◆ **Problem details**: Please give the entries again in full and exactly, without any picture.

◆ **Input material**:
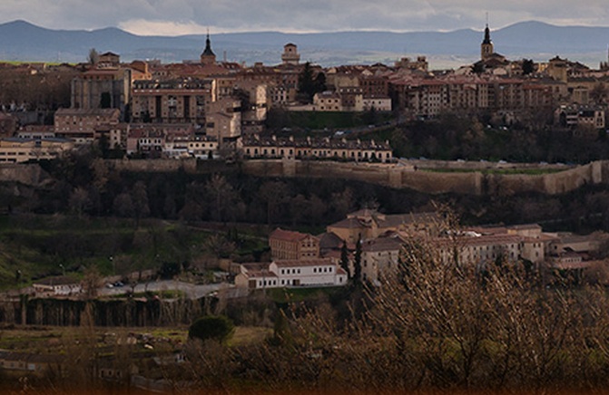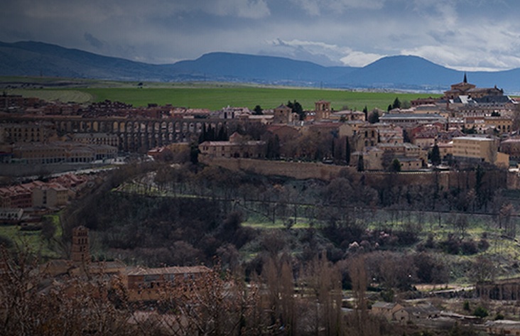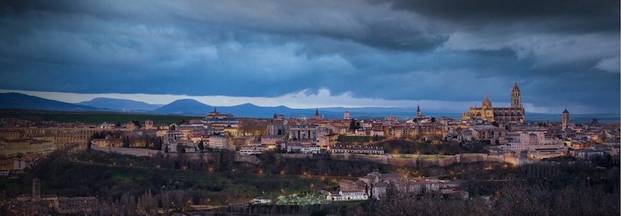 La despedida de las nubes en el cielo dan la bienvenida a las vistas de la sierra segoviana que contempla el espectacular juego de colores verdes, azules y marrones cobrizos en la ciudad. Tras una intensa lluvia que emborrona esta instantánea de cuento, la noche se aproxima y las luces empiezan a tomar protagonismo en la estampa que finaliza pasadas las 19.30 horas.
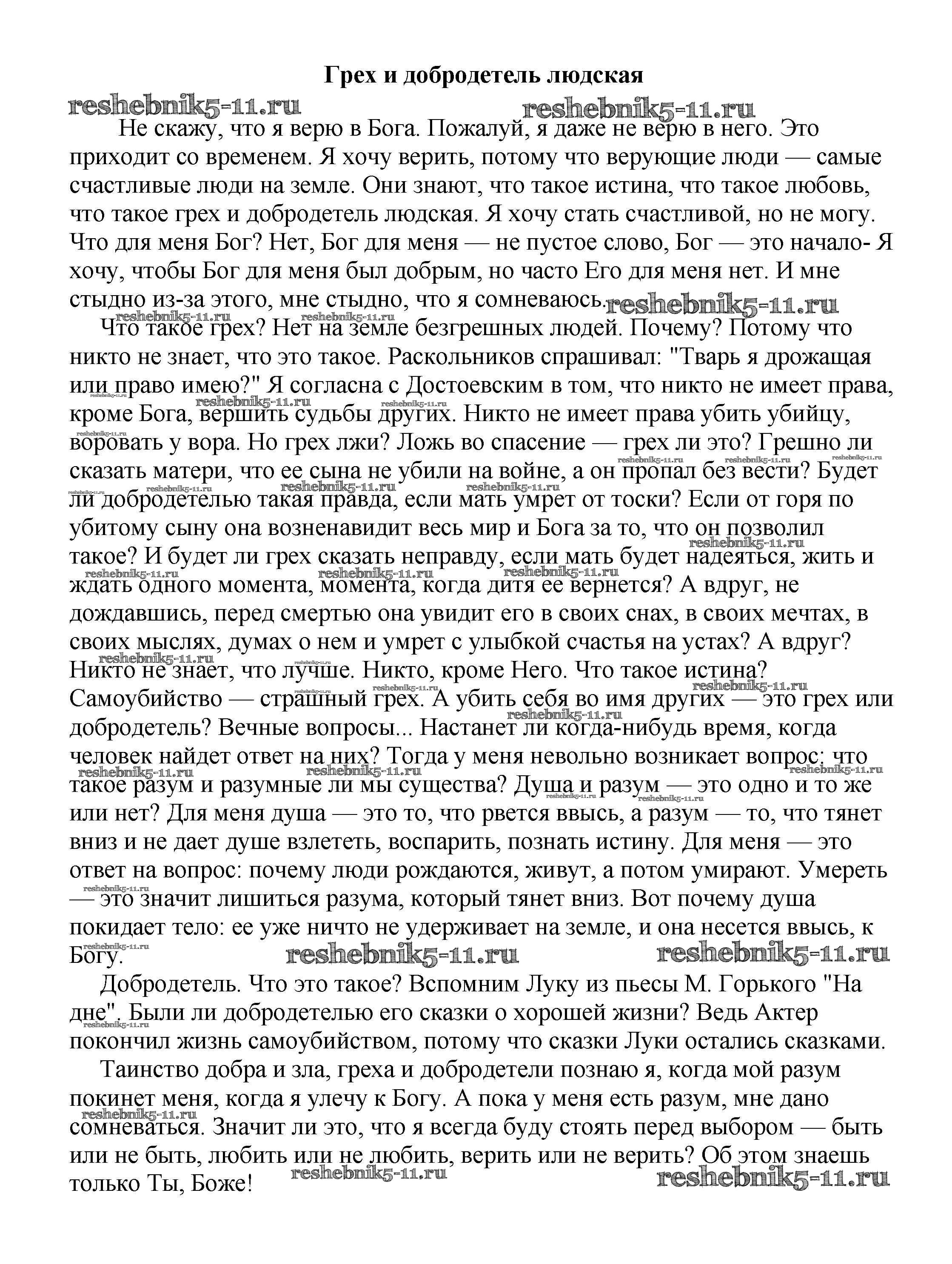 Готовая домашняя работа с ответами по Литературе за 5, 6, 7, 8, 9, 10 класс Белик, Музычук Сочинения Баро-Пресс 2017 - Сочинения на свободную тему Грех и добродетель людская
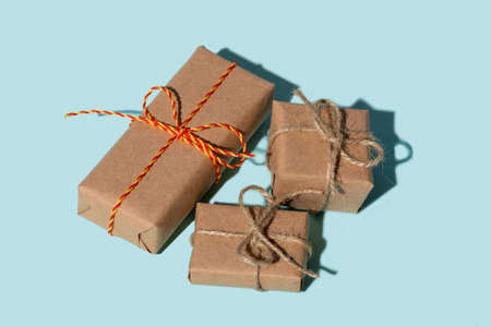 presents wrapping and packaging. holiday traditions and handcraft. gift boxes in craft paper and tied with yellow twine on blue background.
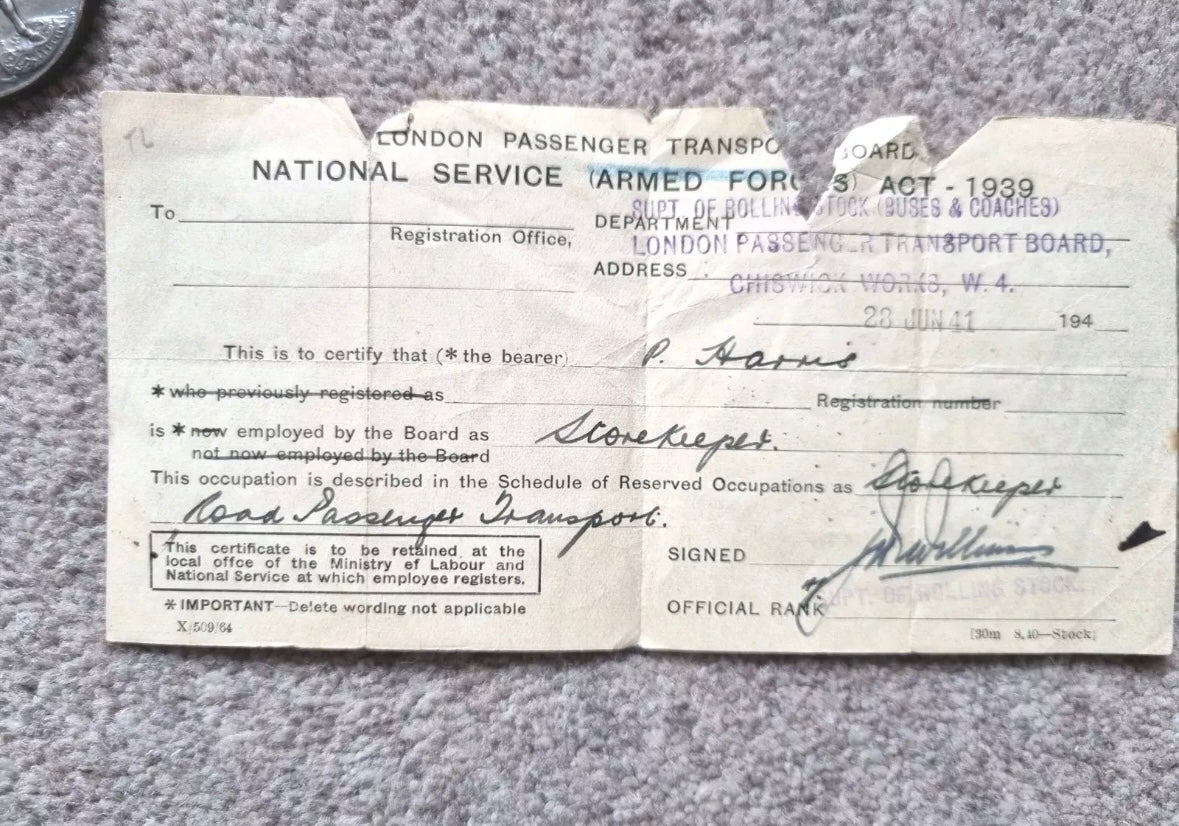 He later served in the Home Guard in WW2 and worked in London Transport as a storekeeper and during which time he also had ARP duties.
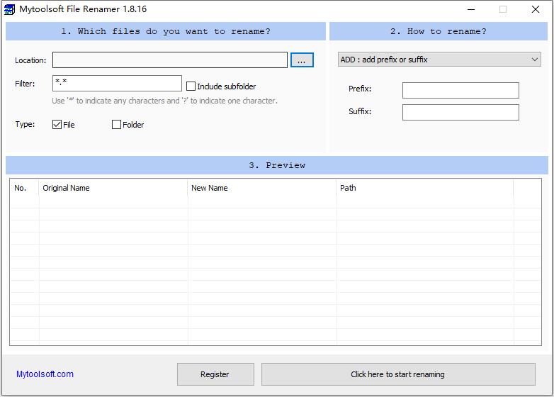 Mytoolsoft File Renamer是一款专业可靠的批量重命名软件,可以多个文件进行重命名,提供多种策略,如按顺序号重命名、替换部分文件名等,可以轻松预览所有文件,无论您是否改变了文件状态或改变了策略。
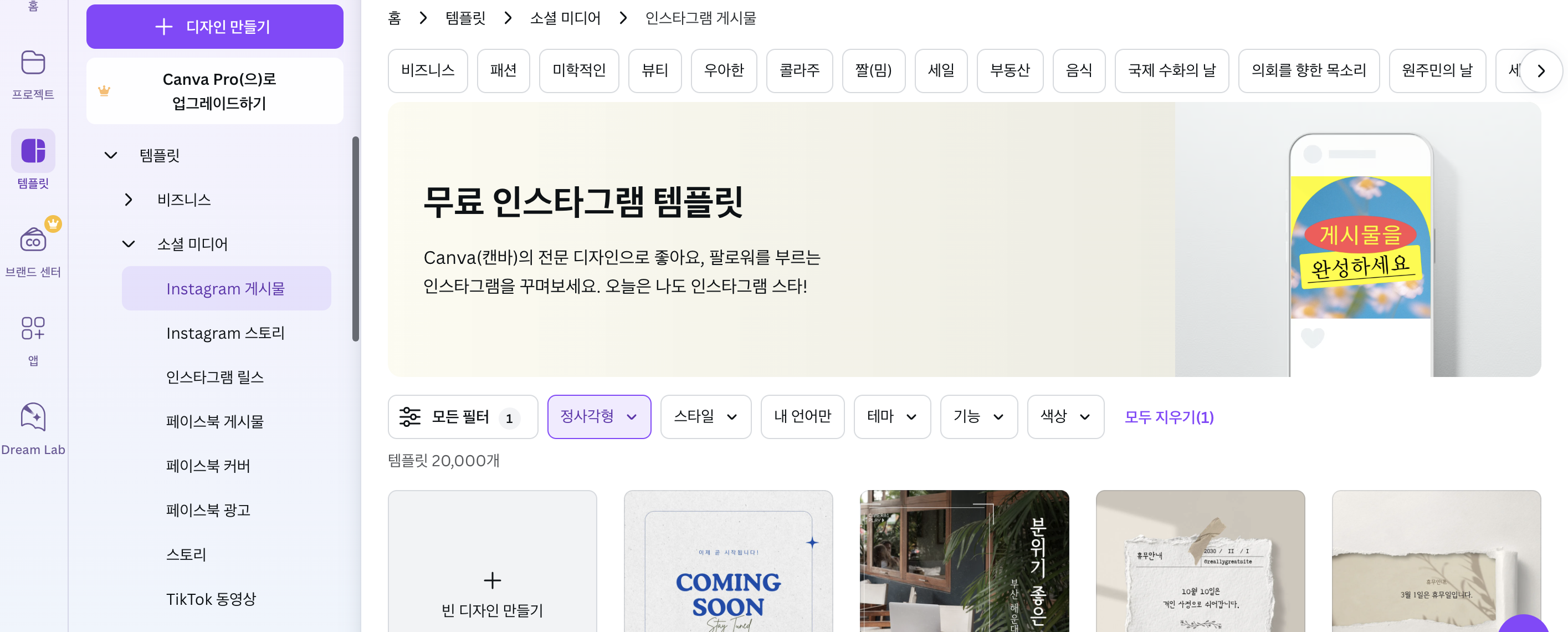 - 카테고리별 템플릿: 소셜 미디어, 인포그래픽, 명함, 포스터 등 원하는 카테고리를 선택하세요.
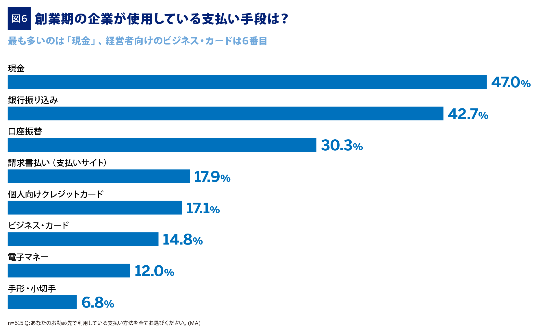 使用している支払い方法で最も多いのは現金(47.0%)、次いで銀行振込(42.7%)が挙げられ、経営者向けのビジネス・カードは14.8%と6番手となりました(図6)。法人口座の開設に時間がかかることもあることから、創業期においては現金が重視される傾向がうかがえます。
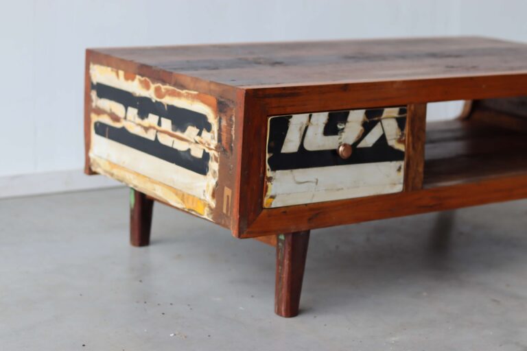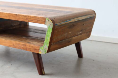Een authentiek meubel gemaakt van hout van oude vissersbootjes van Bali, Java, Sumba, Lombok, Sulawesi of één van de vele andere eilanden van Indonesië. Voor het maken van onze meubels gebruiken wij uitsluitend hout van vissersboten die niet meer zeewaardig zijn. Dit hout, van uitzonderlijke kwaliteit, is door zijn kleurrijke en verweerde uitstraling een ware bron van inspiratie.
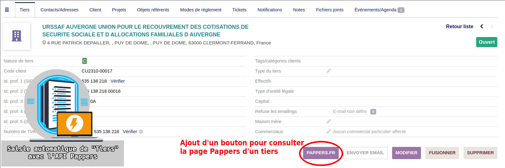Remplissez instantanément le formulaire de création/édition de Tiers à partir des données fournies par Pappers. Cherchez une entreprise par nom ou par SIREN/SIRET et laissez le module remplir la plupart des détails pour vous.
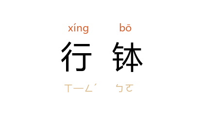 ⒈ 僧侣游方时所带的钵盂。亦借指人们出行时所携的食具。
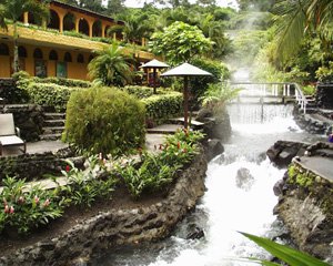 The Spa at Tabacón Lodge is an amazing landscaping and engineering project. Natural hot springs have been diverted into 20 or more terraced swimming pools, hot baths, and natural-looking ponds, flowing with thermal water heated by Arenal Volcano. The hot water creates clouds of steam that permeate the air with a slight trace of sulphur. Waterfalls run through many of the pools, creating many different sounds of rushing water, that fill the Spa. Temperature varies from pool to pool. It surprised me that the largest swimming pool—with submersed bar at one end, and a water slide at the other—appeared to be the hottest of all. I climbed the stairs for the water slide with the intention of sliding down into the pool. When I reached the top and sat down in the rushing water, I couldn't believe the temperature. It was well over 100º F, and almost too hot to sit in. Actually, it was too hot to sit in. I slid down this scalding water chute, anticipating relief at the bottom, only to plunge into ... more very hot water.

◆ **Response to this exercise**:
 La despedida de las nubes en el cielo dan la bienvenida a las vistas de la sierra segoviana que contempla el espectacular juego de colores verdes, azules y marrones cobrizos en la ciudad. Tras una intensa lluvia que emborrona esta instantánea de cuento, la noche se aproxima y las luces empiezan a tomar protagonismo en la estampa que finaliza pasadas las 19.30 horas.
 Готовая домашняя работа с ответами по Литературе за 5, 6, 7, 8, 9, 10 класс Белик, Музычук Сочинения Баро-Пресс 2017 - Сочинения на свободную тему Грех и добродетель людская
 presents wrapping and packaging. holiday traditions and handcraft. gift boxes in craft paper and tied with yellow twine on blue background.
 He later served in the Home Guard in WW2 and worked in London Transport as a storekeeper and during which time he also had ARP duties.
 Mytoolsoft File Renamer是一款专业可靠的批量重命名软件,可以多个文件进行重命名,提供多种策略,如按顺序号重命名、替换部分文件名等,可以轻松预览所有文件,无论您是否改变了文件状态或改变了策略。
 - 카테고리별 템플릿: 소셜 미디어, 인포그래픽, 명함, 포스터 등 원하는 카테고리를 선택하세요.
 使用している支払い方法で最も多いのは現金(47.0%)、次いで銀行振込(42.7%)が挙げられ、経営者向けのビジネス・カードは14.8%と6番手となりました(図6)。法人口座の開設に時間がかかることもあることから、創業期においては現金が重視される傾向がうかがえます。
Een authentiek meubel gemaakt van hout van oude vissersbootjes van Bali, Java, Sumba, Lombok, Sulawesi of één van de vele andere eilanden van Indonesië. Voor het maken van onze meubels gebruiken wij uitsluitend hout van vissersboten die niet meer zeewaardig zijn. Dit hout, van uitzonderlijke kwaliteit, is door zijn kleurrijke en verweerde uitstraling een ware bron van inspiratie.
Remplissez instantanément le formulaire de création/édition de Tiers à partir des données fournies par Pappers. Cherchez une entreprise par nom ou par SIREN/SIRET et laissez le module remplir la plupart des détails pour vous.
 ⒈ 僧侣游方时所带的钵盂。亦借指人们出行时所携的食具。
 The Spa at Tabacón Lodge is an amazing landscaping and engineering project. Natural hot springs have been diverted into 20 or more terraced swimming pools, hot baths, and natural-looking ponds, flowing with thermal water heated by Arenal Volcano. The hot water creates clouds of steam that permeate the air with a slight trace of sulphur. Waterfalls run through many of the pools, creating many different sounds of rushing water, that fill the Spa. Temperature varies from pool to pool. It surprised me that the largest swimming pool—with submersed bar at one end, and a water slide at the other—appeared to be the hottest of all. I climbed the stairs for the water slide with the intention of sliding down into the pool. When I reached the top and sat down in the rushing water, I couldn't believe the temperature. It was well over 100º F, and almost too hot to sit in. Actually, it was too hot to sit in. I slid down this scalding water chute, anticipating relief at the bottom, only to plunge into ... more very hot water.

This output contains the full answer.